Boostcamp AI Tech (Day 031)

My assignment: VGGNet

Computer vision

• “Inverse graphics”

  • Graphics
    • Rendering
    • 3D 모델 $\rightarrow$ 영상
  • Computer vision
    • Inverse rendering
    • 영상 정보 $\rightarrow$ 본질 (ex. 3D 모델)

• Visual perception

  • Perception
    • (input, output) data
    • visual world - sensing device - interpreting device - interpretation
  • Class of visual perception
    • Color
    • Motion
    • 3D
    • Semantic-level
    • Social (emotion)
    • Visuomotor
    • Understanding human visual perception, etc

• Computer vision

  • Machine learning
    • Input - feature extraction - classification - output
  • Deep learning
    • End-to-End
      • Input - feature extraction & classification - output
        
        

CNN

• Image classification

  • Input x $-$classifier$\rightarrow$ output f(x)
    • x: image
    • f(x): category level
  • k-NN (Nearest Neighbors)
    • Search all data
    • Time complexity: O($\infty$)
    • Memory complexity: O($\infty$)
  • CNN
    • Locally connected NN
      • (cf.
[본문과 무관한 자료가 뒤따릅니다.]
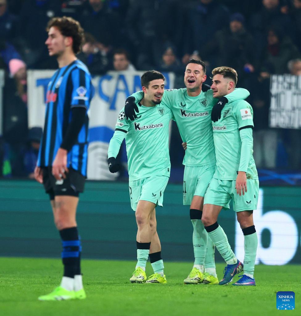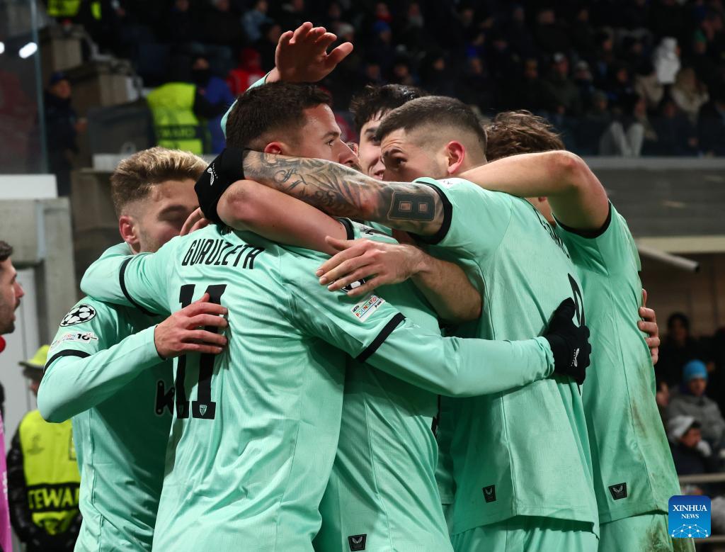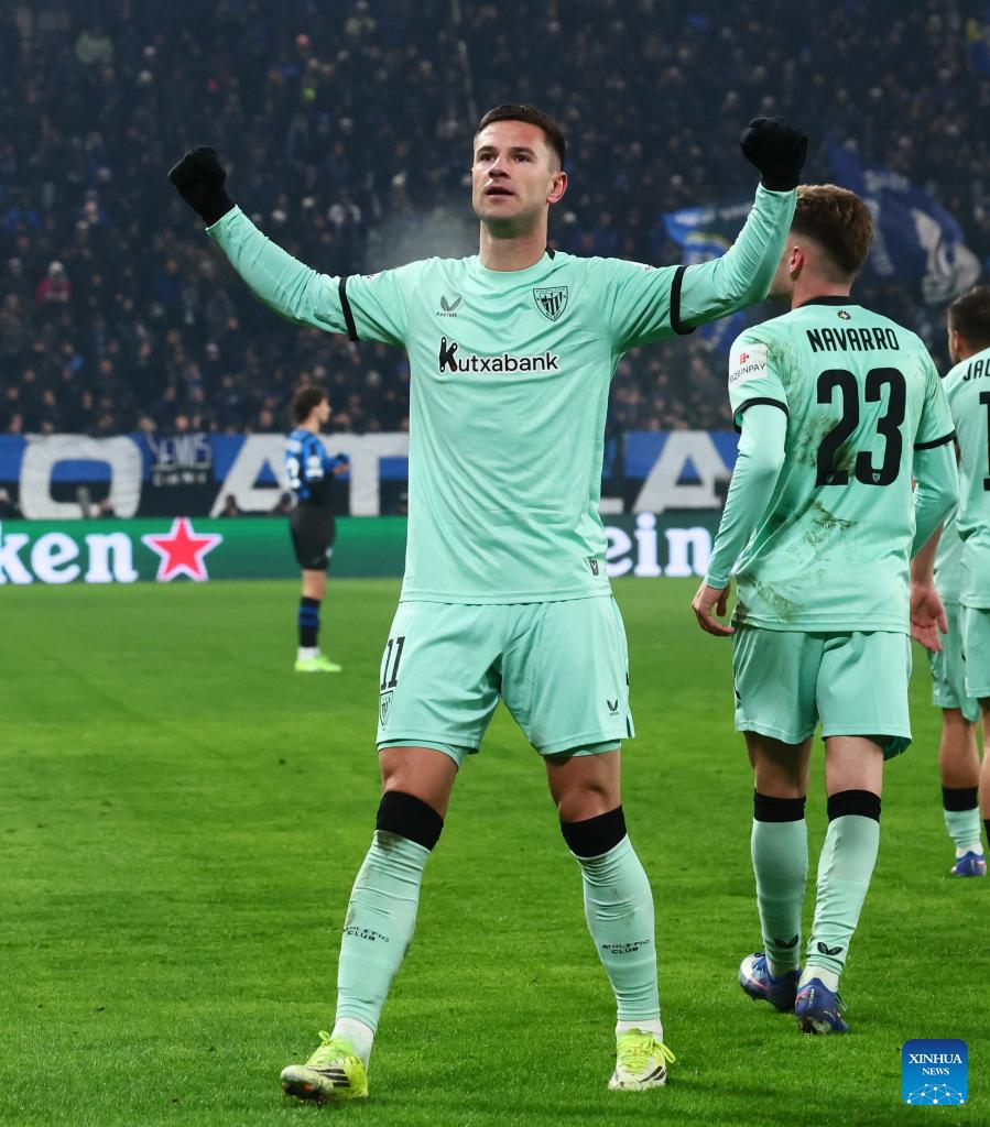Athletic Club's Gorka Guruzeta (2nd L) celebrates his goal with teammates during the UEFA Champions League match between Atalanta and Athletic Club in Bergamo, Italy, Jan. 21, 2026. (Xinhua)

Fully connected NN)
      • Local feature learning
      • Parameter sharing
    • Backbone (base) of many CV tasks
      • Image-level classification
      • Classification + regression
      • Pixel-level classification

• CNN architectures for Image classification

  • 참고 데일리노트
  • AlexNet
    • Conv - Pool - Conv - Pool - FC - FC
    • LRN (Local Response Normalization)
      • 더 이상 사용되지 않음 (Batch Norm에게 대체됨)
      • activation map에서 명암을 normalization
    • Receptive field
      • The region in the INPUT SPACE that a particular CNN feature is looking at
      • AlexNet uses 11 $\times$ 11 conv to get bigger receptive field (더 이상 사용되지 않음)
  • VGGNet (ICLR 2015)
    • 16, 19 layers
    • Simpler architecture
      • No LRM
      • 3 $\times$ 3 conv filters blocks
        • many small conv layers instead of a small number of large conv filters
        • keeping receptive field sizes large enough
        • deeper with more non-linearities
        • fewer parameters
      • 2 $\times$ 2 max pooling
    • Better performance & generalization
      
      

Annotation data efficient learning

• Data augmenttation

  • Learning representation of data
    • Dataset is always biased
    • Training data is sparse samples of real data
  • Augmentation
    • Fill more space and close the gap (make a dataset denser)
  • Methods
    • crop
    • affine transformation (shear)
    • brightness
    • perspective
    • rotate
    • flip
    • CutMix
    • RandAugment

• Leveraging pre-trained information

  • Needs
    • supervised learning requires a very large-scale dataset
    • annotating data is very expensive + quality not ensured
  • Motivation
    • similar datasets share common information
    • knowledge learned from one dataset can be applied to other datasets
  • Transfer learning
    • Approch 1
      • given pre-trained model
      • chop off FC layer and re-train new FC layer
    • Approch 2
      • given pre-trained model
      • chop off FC layer and re-train the whole model
      • low learning rate in Conv layers
      • high learning rate in FC layers
  • Knowledge distillation
    • Distillate knowledge of a trained model $\rightarrow$ another smaller model
    • Used for Model compression
    • Used for pseudo-labeling
    • Teacher-Studnent network
    • 참고 자료

• Self-training

  • containing methods
    • Augmentation
    • Knowledge distillation (teacher-student)
    • Semi-supervised learning (peudo-label)
  • 순서

    T: Teacher model
    S: Student model

    1. 초기 T를 labeled data로 학습
    2. T를 이용해 unlabeled data를 pseudo-label
    3. S를 labeled + unlabeled data (+augmentation)로 학습
    4. S를 새로운 T로 설정, 더 큰 새 모델을 S로 설정
    5. 위 과정을 반복